Foursquare as a recruitment billboard
The mechanic is simple and slightly mischievous. Foursquare rewards repeated check-ins at a venue with the “Mayor” status. Euro RSCG uses that status as the placement, then drops hiring messages where competitors’ people are most likely to notice them.
In competitive digital-talent markets, employer branding works best when it shows up inside the daily tools and rituals your target audience already uses.
Why it lands
It is instantly understandable, and it leverages a public platform rule rather than buying attention. The move also signals confidence. “We are willing to compete for talent in plain sight.” At the same time, it walks a fine line.
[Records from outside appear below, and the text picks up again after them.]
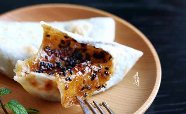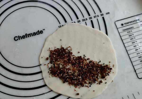 越薄越好,把红糖馅放在一半的面团上。不要用太多,否则会太甜。
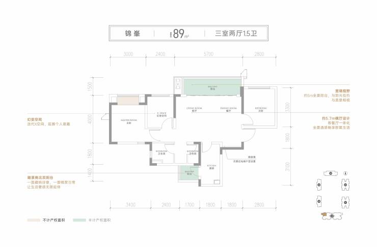 南北双阳台丨5米全景阳台丨可变X空间丨餐客厅一体化设计
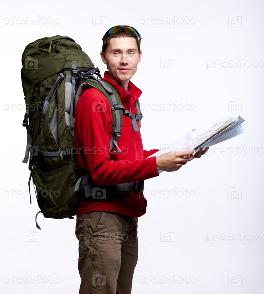 Заблудившийся путешественник смотрит на карту, изолированный на белом фоне

If it feels like harassment rather than humour, the tactic can backfire.
Extractable takeaway: If you use a social platform as a recruiting channel, make the entry mechanic native to the platform and keep the message playful, specific, and respectful, or it will read as desperation.
What to steal
- Target by context, not by demographics. “Where do the people I want already spend attention?” is often the better question.
- Use platform rules as media. When the channel itself creates the placement, participation feels less like advertising.
- Keep the call to action tight. One clear role or value proposition beats generic “we’re hiring.”
- Anticipate the ethics. If you would not want a competitor doing it to you, adjust tone and frequency.
- Design for screenshots. If the message is worth sharing, the audience will distribute it for you.
Other examples of agencies using social media to attract talent are:
- In your face by DraftFCB
- Trojan Art Director Recruitment by Jung von Matt
A few fast answers before you act
What is the Euro RSCG Foursquare idea in one sentence?
It is a recruitment tactic where Euro RSCG repeatedly checks in at competitor agency venues on Foursquare, becomes “Mayor,” then posts hiring messages to reach digital talent.
Why does “Mayor” status matter?
Because it is a visible, platform-granted position at a location. That makes the recruitment message feel placed “inside” the venue’s social layer rather than pushed from outside.
What makes this more effective than a standard job post?
It targets people by environment and habit. The message shows up where relevant talent is likely to be, not where job ads usually live.
What is the main risk?
Reputation. If the move feels aggressive, disrespectful, or creepy, it can damage employer brand faster than it attracts candidates.
How do you measure success?
Qualified inbound applications attributed to the tactic, social sharing and sentiment, and whether awareness among the intended talent pool increases without negative backlash.